Bonus fun fact: "Luge" was actually the winning word in the 1984 U.S. National Spelling Bee.

Winter Olympics Fact #88: Doubles luge has, up until the coming Olympic Games, technically been an "open" event, but only men's teams have ever competed in it at the Olympic Winter Games since its' inception in 1964. Officially, things will split into Men's and Women's Doubles Luge in 2026.

Winter Olympics Fact #87: Italian luge legend Armin Zöggeler is at present the only Winter Olympic athlete to have won medals in the same event in 6 consecutive games, from 1994-2014. One of those medals was at the previous Italian winter games in Torino.

Winter Olympics Fact #86: Luge is the fastest of the three sliding sports, and can reach speeds of nearly 90 mph. (Skeleton and Bobsleigh are closer to 80 mph)

Winter Olympics Fact #85: There’s a new luge event at the 2026 Winter Games! (Probably should have gotten to that fact sooner) It’s Women’s Doubles Luge that’s new.

Winter Olympics Fact #84: Natalie Geisenberger of Germany has won three consecutive gold medals in women's single luge. Tobias Arlt and Tobias Wendl of Germany have won three consecutive gold medals in men's double luge. Germany (no surprise) has won three consecutive gold medals in the team relay.

Winter Olympics Fact #83: If you include East Germany, West Germany, and the Unified Team of Germany, 38 of 52 all-time gold medals in Olympic luge have been won by the Germans. Only three other countries have ever won an Olympic gold in luge, in fact.

Winter Olympics Fact #82: The Germans will win lots of luge medals. That can be said pretty clearly because the Germans (or East Germans or Unified Team of Germany) have been the top team in Luge at every Olympics except for 1994.

Going to find some fun luge facts for you all this week!

Winter Olympics Fact #81: From 1924 to 1988, the Olympic hockey tournaments were played using a double round-robin format. The top teams in each of two round-robin groups qualified for a round-robin final round. Since then, the tournaments have used playoffs after the first round-robin.

Winter Olympics Fact #80: Great Britain has a gold medal in Ice Hockey. That feels odd to type, because Great Britain isn't known for being a hockey-playing nation. The gold medal in question was won in 1936 in Germany, and the British hockey squad has not qualified for the Olympics since 1948.

Winter Olympics Fact # 79: After an absence in the last two Winter Olympics, NHL players will be returning to men’s ice hockey tournament in 2026. The previous two tournaments contested using NHL players were both won by Canada.

Winter Olympics Fact #78: Because hockey qualification has already occurred, we can officially say that there will be no first-time entrants in the Olympic hockey tournament next year, either on the men's or women's side. (By contrast, there was a first-time entrant in 2022 and 2018, but not 2014)
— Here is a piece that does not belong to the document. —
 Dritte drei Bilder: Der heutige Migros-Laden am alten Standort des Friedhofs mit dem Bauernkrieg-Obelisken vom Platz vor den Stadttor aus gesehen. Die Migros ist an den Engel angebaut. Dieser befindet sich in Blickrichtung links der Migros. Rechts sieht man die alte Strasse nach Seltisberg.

Winter Olympics Fact #77: The host Italians have never finished higher than 7th in an Olympic hockey tournament. That 7th place finish was in 1956, the previous time Cortina hosted the Olympics.
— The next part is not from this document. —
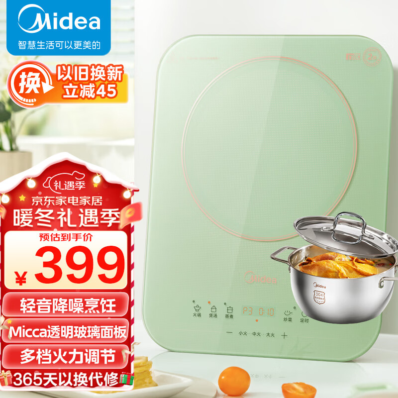 美的(Midea)电磁炉 家用大功率 2200W 恒匀火加热 持续小火低音超薄电磁炉灶定时 C22-MICCA711 升级欧式汤锅价格:439.00元!

Winter Olympics Fact #76: Assuming a Canada-USA women’s hockey final at next year’s games would be a smart bet. After all, the two squads have met in the Gold medal match 6 of the 7 times women’s hockey has occurred at the Winter Olympics, and both squads have won medals all 7 times.
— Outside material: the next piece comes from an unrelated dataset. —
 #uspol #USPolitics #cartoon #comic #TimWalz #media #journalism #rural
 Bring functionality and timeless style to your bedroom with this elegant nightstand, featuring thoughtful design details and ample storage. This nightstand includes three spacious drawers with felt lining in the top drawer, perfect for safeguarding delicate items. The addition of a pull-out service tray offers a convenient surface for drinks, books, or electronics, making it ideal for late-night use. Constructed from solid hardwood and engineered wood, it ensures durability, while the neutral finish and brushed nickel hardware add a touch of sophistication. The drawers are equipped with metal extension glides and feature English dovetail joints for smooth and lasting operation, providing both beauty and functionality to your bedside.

Winter Olympics Fact #75: Ice Hockey is dominated by Northern Europe and North America. In fact, no country from Asia has won a medal in Ice Hockey at the Winter Olympics.

Hockey facts this week. Here we go!

Winter Olympics Fact #74: Only 27 freestyle skiers have won 2 or more Olympic medals in their career, and only 7 have won 3 Olympic medals. Nobody has won four. (There are a variety of reasons for this.)

Winter Olympics Fact #73: Since Freestyle Skiing joined the Winter Olympics in 1992, only two countries have won at least one Freestyle Skiing medal in every games since: USA and France.

Winter Olympics Fact #72: With 15 medal events, it is actually freestyle skiing that will hand out the most medals at the 2026 Winter Olympics. That's especially wild when you consider that Freestyle Skiing has only even been in the Olympics since 1992!